Well, I have been wanting to play with ParallelFX for a while and after Daniel Moth commented on a blog post the other day I saw his ParallelFX videos and started watching some of them. I then began playing around with some of the code in the latest CTP and rewrote the ParallelMap method above using ParallelFX:

  public static IEnumerable<TResult> ParallelMap<TArg, TResult>(
    this IEnumerable<TArg> list,
    Func<TArg, TResult> func)
  {
    List<TResult> result = new List<TResult>();
    Parallel.ForEach<TArg>(list,
      (TArg n) =>
      {
        TResult val = func(n);
        lock (result)
        {
          result.Add(val);
        }
      });
    return result;
  }

Pretty simple. I use the same method signature as before and I declare my result list, but then all I have to do is call Parallel.ForEach and pass in my list as the first parameter along with a lambda that takes a TArg (I put the type there so that the code is clearer what is being passed in). As you can see in my lambda I am calling my method and getting the result then I add my answer to the result. I still have to lock on the result since this code is being executed in multiple threads.

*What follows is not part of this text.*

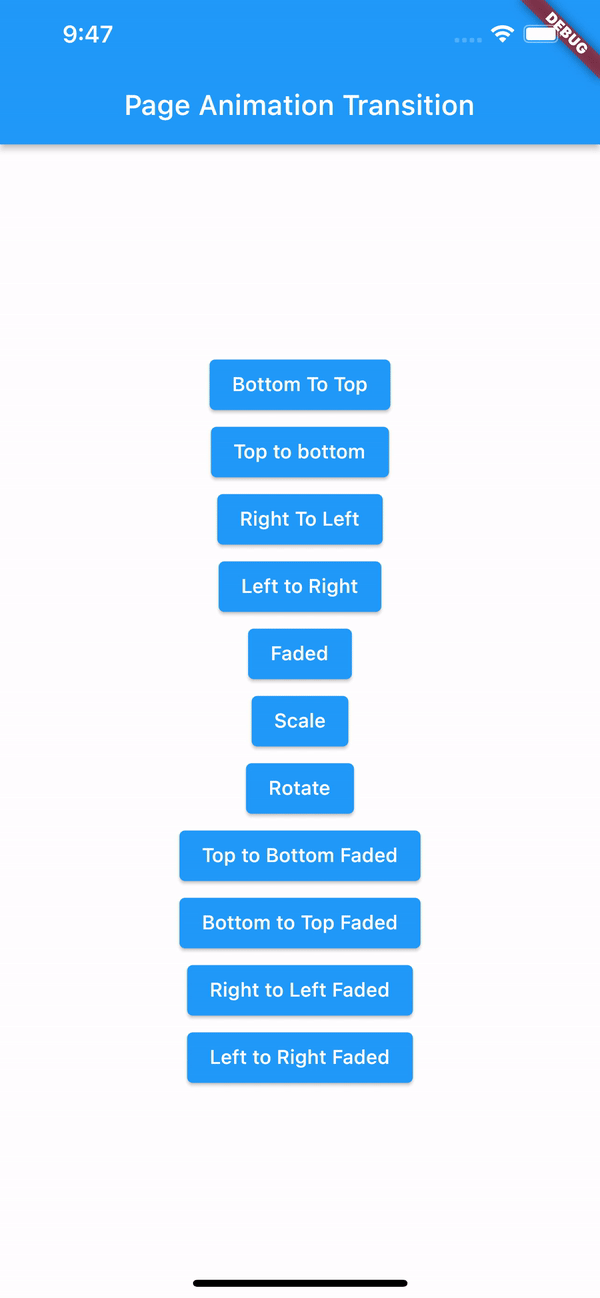 return PageAnimationTransition(child: PageTwo(), pageAnimationType: LeftToRightFadedTransition());
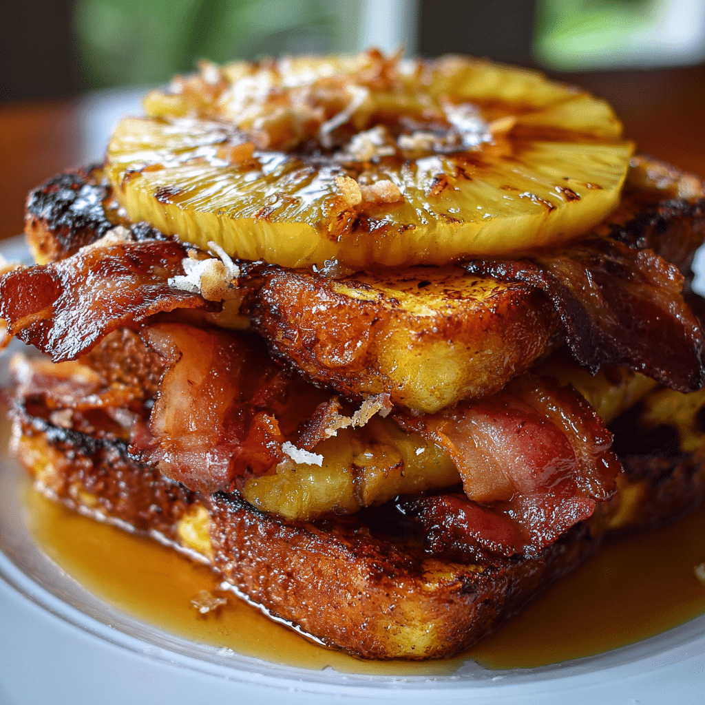 This tropical twist on classic French toast combines rum-soaked pineapple with crispy bacon for an unforgettable breakfast experience. Perfect for special occasions and weekend brunches.

In a later post I implemented a ParallelMap method that maintained order, it was even bigger than the method above and it even required a seperate struct to maintain the index and the item. So, I decided to go ahead and try to rewrite that method using the Parallel Extensions:

  public static IEnumerable<TResult> ParallelMap<TArg, TResult>(
    this IEnumerable<TArg> list,
    Func<TArg, TResult> func)
  {
    TResult[] result = new TResult[list.Count()];
    Parallel.ForEach<TArg>(list,        
      (TArg n, int i) =>
      {
        result[i] = func(n);
      });
    return result;
  }

Wow. If hadn't been writing my earlier post for fun, I would have felt like I wasted a lot of time. :-) I just declare my array instead of a list and then I call Parallel.ForEach and then I change my lambda to take the optional index parameter. This allows me to assign my results to my array in the order that they appeared in the original IEnumerable. Pretty awesome. I'm going to have to play around with the other parts of ParallelFX and hopefully make a few posts on it in the future. Hope you enjoyed!